:: WHAT THE EXERCISE ASKS ::
Exclude the pictures and reproduce the remaining data exactly as written.

:: AVAILABLE DATA ::
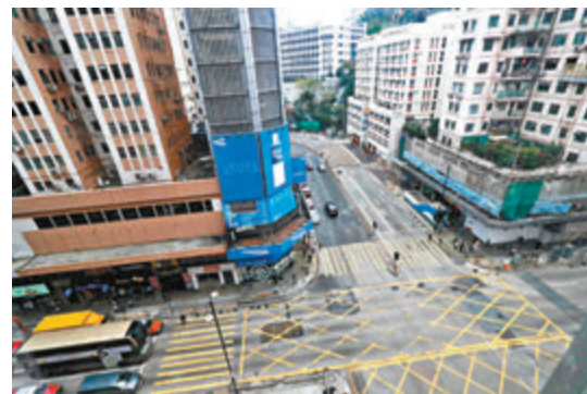
賓館窗外的十字大街，就是捉催淚彈的地方，警察曾舉槍、有人燒電箱。
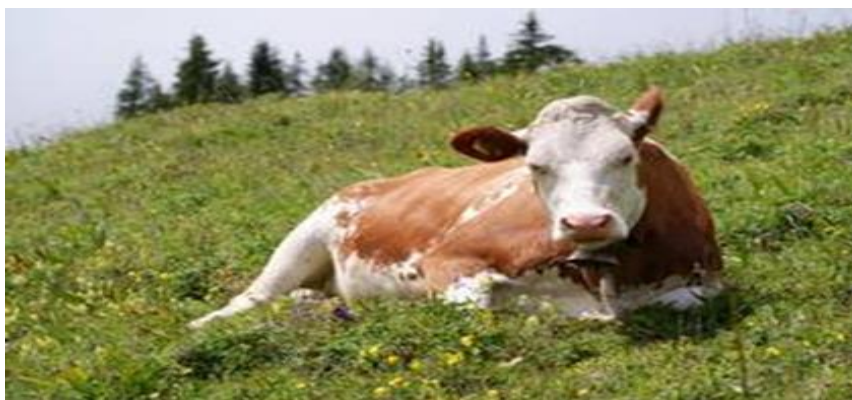
Slika 1. Pasma simentalac

Izbor pasmine uvjetovan je ekološkim prilikama i krmnim resursima područja u kojem se planira uspostava proizvodnje, nužnim investicijskim zahtjevima u farmsku infrastrukturu, tradicijskim navikama budućih proizvođača i njihovim osobnim afinitetima, kao i mogućnosti nabave i cijeni proizvodnih grla na tržištu. Simentalska pasmina je dominantna po broju i proizvodnji mlijeka i mesa u Hrvatskoj. Po svom genotipu predstavlja "plastični genom" za naglašeniju proizvodnju mlijeka ili mesa, zavisno o tržišnim kretanjima. Takvu karakteristiku nemaju jednostrano specijalizirane pasmine. Zato se smatra da je uputno i u vrlo naglašenoj potražnji za samo jednim govedarskim proizvodom dio fonda goveda uzgajati u kombiniranom tipu. U uvjetima kad je neostvariva internacionalna specijalizacija proizvodnje potrebno je njegovati uzgoj kombiniranog goveda.

:: PROBLEM SOLUTION ::
賓館窗外的十字大街，就是捉催淚彈的地方，警察曾舉槍、有人燒電箱。
Slika 1. Pasma simentalac

Izbor pasmine uvjetovan je ekološkim prilikama i krmnim resursima područja u kojem se planira uspostava proizvodnje, nužnim investicijskim zahtjevima u farmsku infrastrukturu, tradicijskim navikama budućih proizvođača i njihovim osobnim afinitetima, kao i mogućnosti nabave i cijeni proizvodnih grla na tržištu. Simentalska pasmina je dominantna po broju i proizvodnji mlijeka i mesa u Hrvatskoj. Po svom genotipu predstavlja "plastični genom" za naglašeniju proizvodnju mlijeka ili mesa, zavisno o tržišnim kretanjima. Takvu karakteristiku nemaju jednostrano specijalizirane pasmine. Zato se smatra da je uputno i u vrlo naglašenoj potražnji za samo jednim govedarskim proizvodom dio fonda goveda uzgajati u kombiniranom tipu. U uvjetima kad je neostvariva internacionalna specijalizacija proizvodnje potrebno je njegovati uzgoj kombiniranog goveda.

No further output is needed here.